Par contre, lorsque Vershbow observe qu’il y a le même refus affichée chez Poutine et Trump pour un “ordre international basé sur des règles” (“international rules-based order”), on voit bien qu’il sollicite la vérité puisque Poutine, s’il repousse des prétentions US que Trump revendique parfois dans ses phases tonitruantes (comme les sanctions, les menaces contre la Corée du Nord, etc.), est par contre partisan d’un ordre international régulé par des organismes créés à cet effet. (Cela est effectivement mentionné dans l’article, mais sans que toutes les conséquences, et notamment les plus essentielles, en soient tirées pour la logique du propos.) Il est vrai que la définition implicite que les dirigeants-Système, et surtout US, donnent de l’“ordre international basé sur des règles” tel qu’on peut le comprendre ici est du plus haut comique puisqu’ils désignent de cette façon, selon une contradiction quasiment du mot pour mot, la phase du “désordre international basé sur l’absence de règles” du fait de l’action déstructurante des USA. (L’on voit alors la différence entre les “valeurs” et les principes puisque ce “désordre international” est justement créé par l’argument d’imposer à tous les récalcitrants, à coups de bombes porteuses de “valeurs” de préférence, les fameuses “valeurs”-Système opposées aux principes et qu’on désigne faussement dans le cas cité comme des “valeurs russes”.) (*)

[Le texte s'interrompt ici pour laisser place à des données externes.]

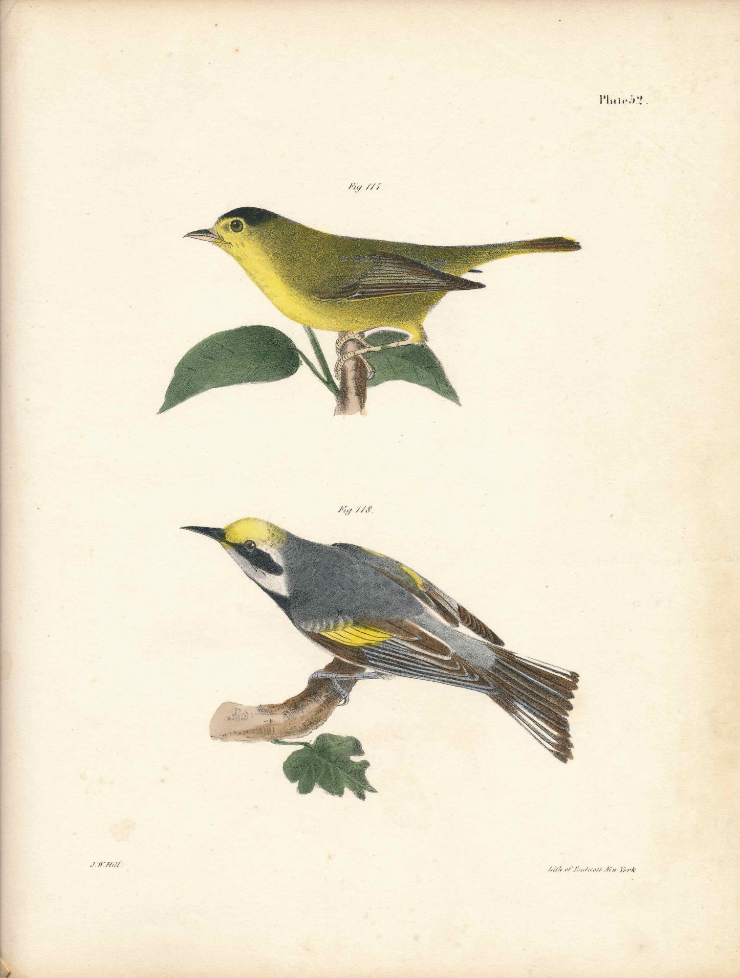 Albany: Carroll and Cook, 1844. Very Good. Hand colored lithograph of two birds - (Warblers). Minor browning to edges. Light foxing. Size: 11.25 x 9 inches. Print/092820.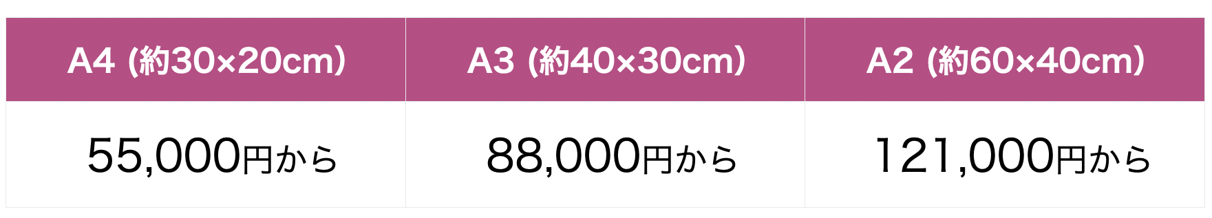 消費税及び額装代・送料込みの金額です。ただし、サイズや内容、額縁の予算等に応じて、金額が変わります。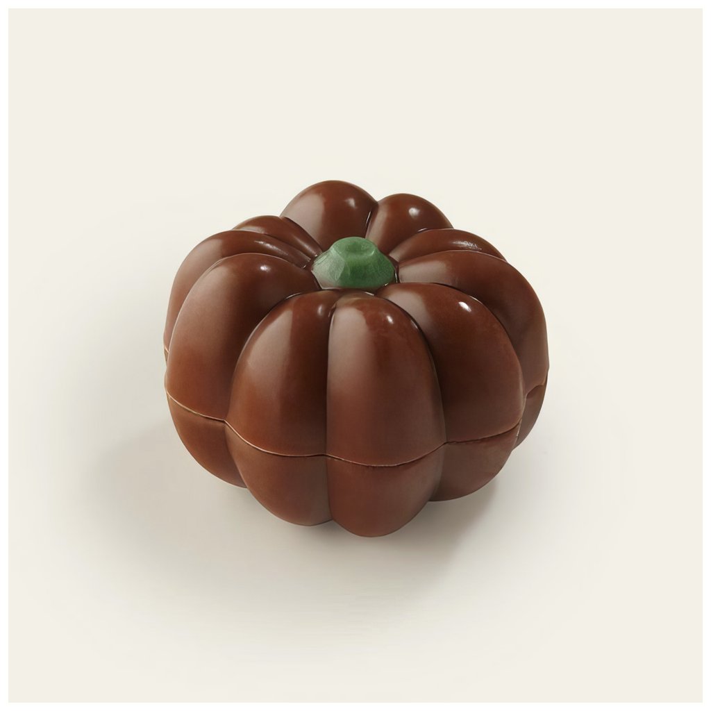 Krásná podzimní pralinka ve tvaru dýně z mléčné čokolády hnědé barvy s lískooříškovým krémem uvnitř. Chuťově velmi oblíbené i u dětí. Krásné dýně, které vypadají jako originál :)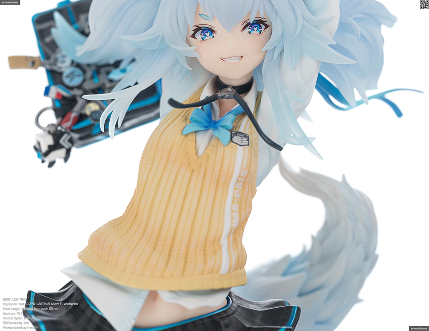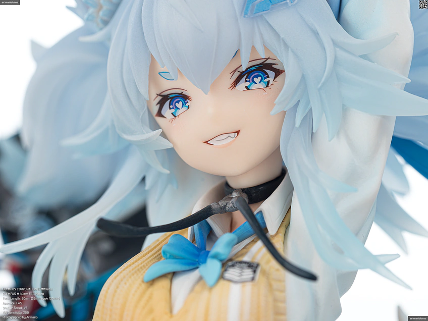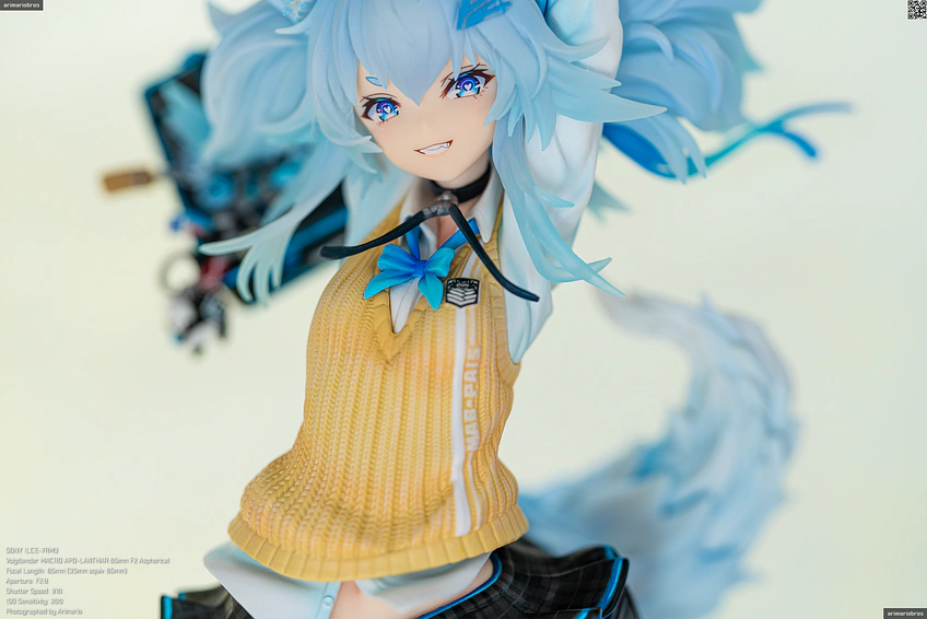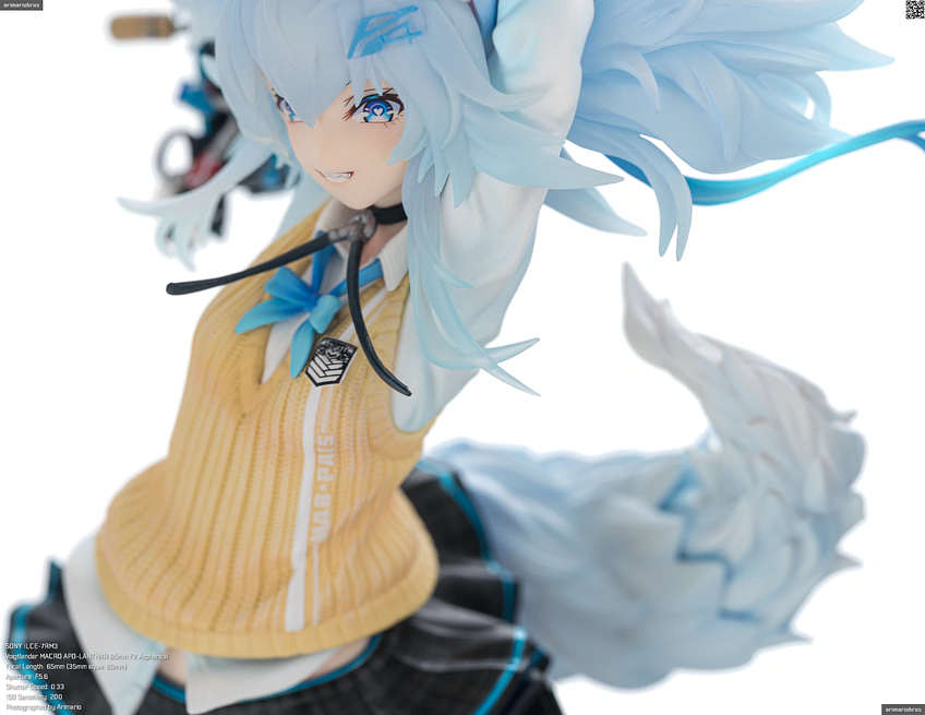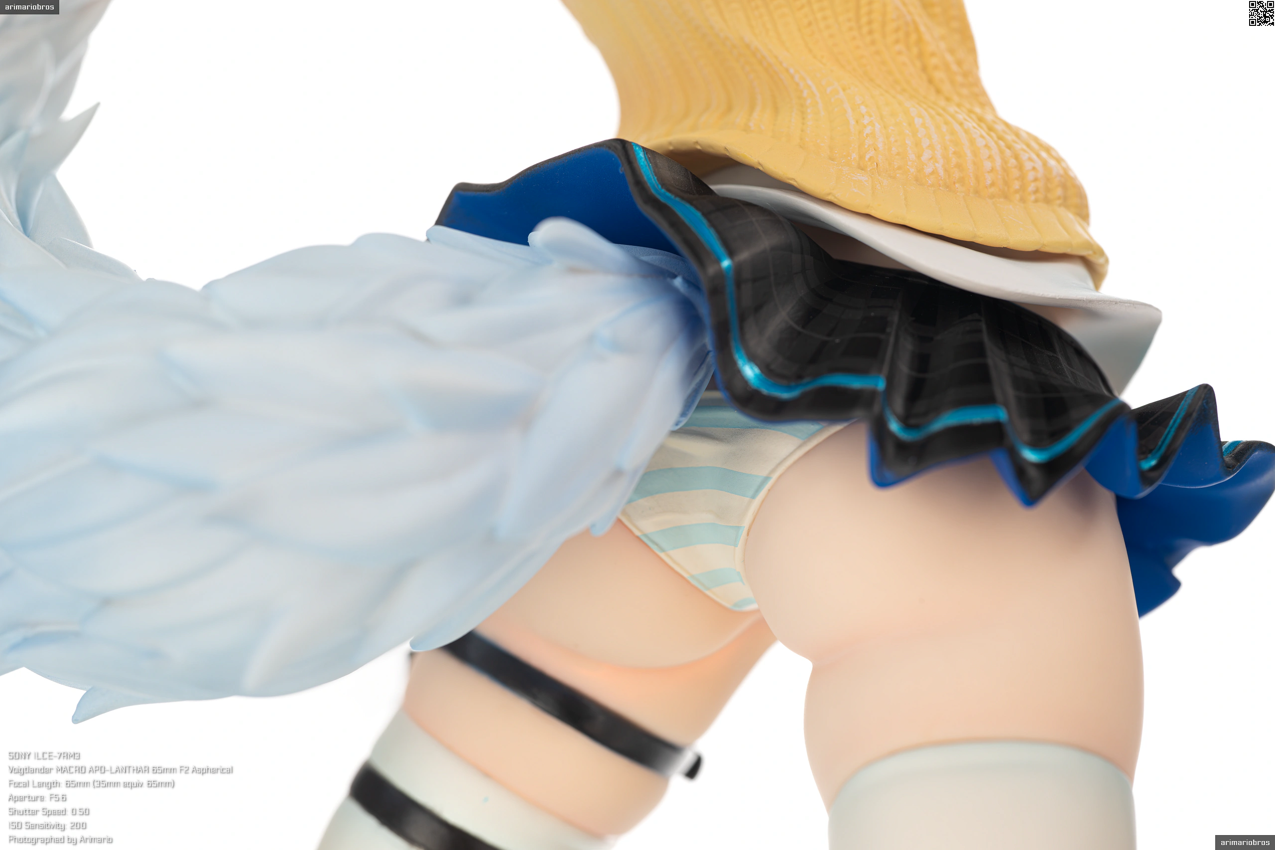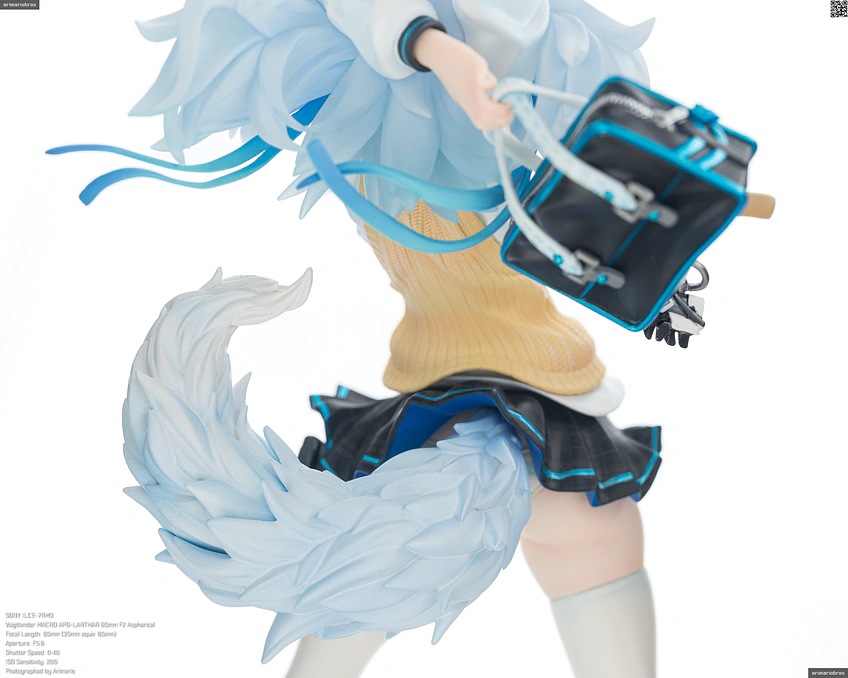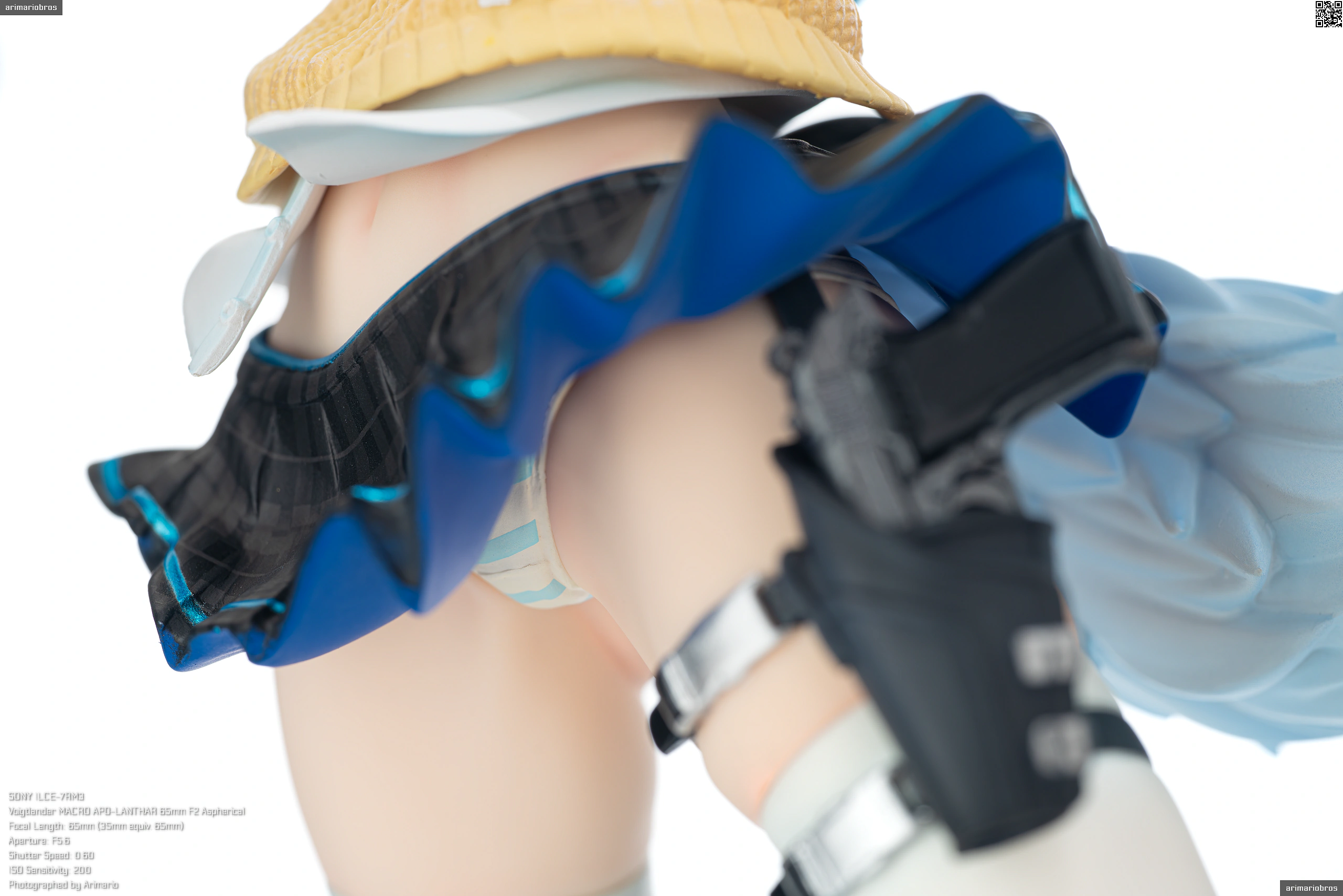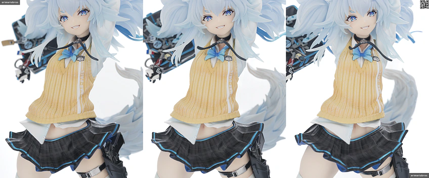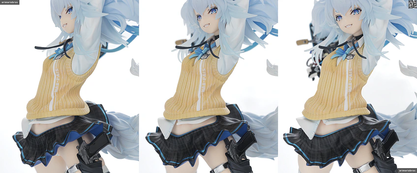 下半身のほうは、かなりミニ丈なスカートを着用。あまり目立ちませんがチェック柄になっており学生服っぽさを残している一方で、メタリックブルーの装飾が入っていたり、裏側は青色になっていたりと、攻めたデザインです。プリーツスカートなので裾のメタリックブルーは塗装が難しい箇所ですが、若干のにじみ、むらが見られるものの破綻はありません。
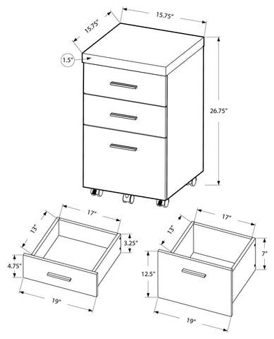 L&S Basics 10791 Filing Cabinet - 3 Drawer / Dark Taupe On Castors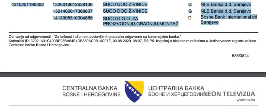 propisa u oblasti poslovanja blokirana četiri bankovna računa od strane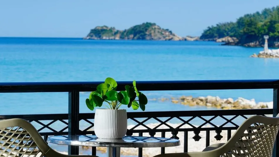 Hotel Kamelia se nalazi u mirnom delu letovališta Skala Potamias, na ostrvu Tasos, u istočnoj Makedoniji, u Grčkoj. Smešten je u prelepoj mediteranskoj bašti, tik uz poznatu peščanu Golden Beach, praktično na samoj plaži, sa direktnim pristupom moru i pogledom na zaliv. Skala Potamias nudi šetalište sa tavernama, kafićima i prodavnicama na svega nekoliko minuta lagane šetnje, dok je glavni grad ostrva, Limenas, udaljen oko 15 minuta vožnje automobilom. Do Tasosa se lako stiže trajektom iz Keramotija, a najbliži aerodrom je u Kavali, odakle se nastavlja kratkom vožnjom i trajektnom linijom.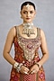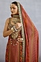 Torani presents a multi-colored kurta in dola silk and organza base with floral and chevron print, including embellishments. It is paired with straight pants and a dupatta. Style this kurta set with kundan earrings, juttis and a clutch for festive occasion, sangeet or cultural events.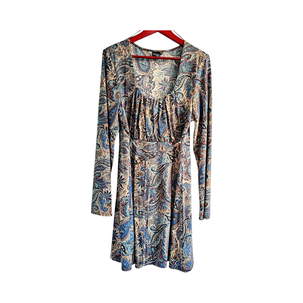 Multicolor patterned long sleeve dress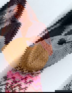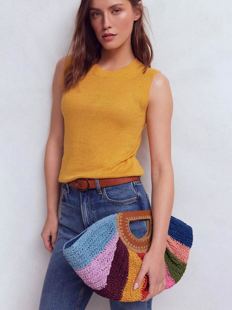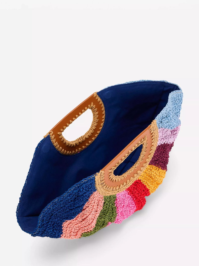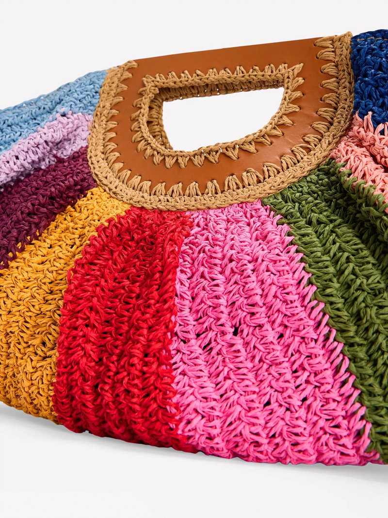 No beach escape is complete without a colourful raffia bag. This statement half moon clutch is best accessorised with palm trees and a pina colada. And that's an order.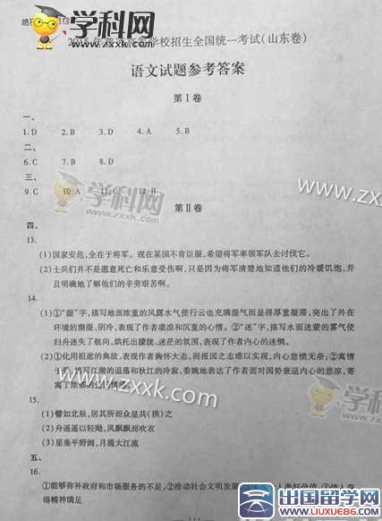 小编在此提醒各位,考试时如果遇到不会的题目千万不要慌张,要沉着应对,跳过去或者做自己会做的题,高考,如果你能把自己会做的题全部做对,成绩也不会太差。另外我们出国留学网高考频道会及时为广大考生提供2015年山东高考语文真题及答案,同时接下来的几个科目真题及答案亦会在此频道显示,请考试及家长关注本站更新(ctrl+D收藏即可)。一旦2015山东高考真题及答案发布,将在此表页的头条显示,如果您需要查找的真题及答案没有显示,请按ctrl+F5进行刷新。

Tous comptes faits, nous parlerions peut-être plus encore de “complicité” entre Poutine et Trump que de proximités, et encore d’une “complicité” d’humeur, outre les quelques jugements évidents qui les rapprochent. On a l’impression que tous deux, finalement, vont se rencontrer en se frottant les mains et en se disant l’un et l’autre et implicitement l’un à l’autre “enfin, on va pouvoir s’amuser”. Dans quel sens, “s’amuser” ? Eh bien, sans doute, “s’amuser” à l’idée de pouvoir se parler avec franchise, en vérité, sans l’apparat caparaçonné pesant des tonnes de la langue de bois qu’impose le Système dès que l’un des deux interlocuteurs fait effectivement partie du Système, et “s’amuser” aussi à l’idée de la panique et de l’angoisse que leur rencontre ne cesse de faire proliférer. C’est dans cette atmosphère, qui après tout peut effectivement les faire s’entendre comme deux frères qui s’entendent bien (ce qui n’est pas si évident…), qu’ils peuvent tomber d’accord pour faire un “gros coup”qui, enfin, justifierait leur panique à tous…
(… Certes, ils parleront aussi de choses sérieuses, Poutine devant débriefer son agent qui, comme chacun sait, travaille pour le KGB [camouflé depuis sous les initiales de FSB] ; qui, comme chacun le sait désormais depuis hier grâce à la vigilance de la presseSystème, travaille pour le KGB [FSB] depuis 1987.)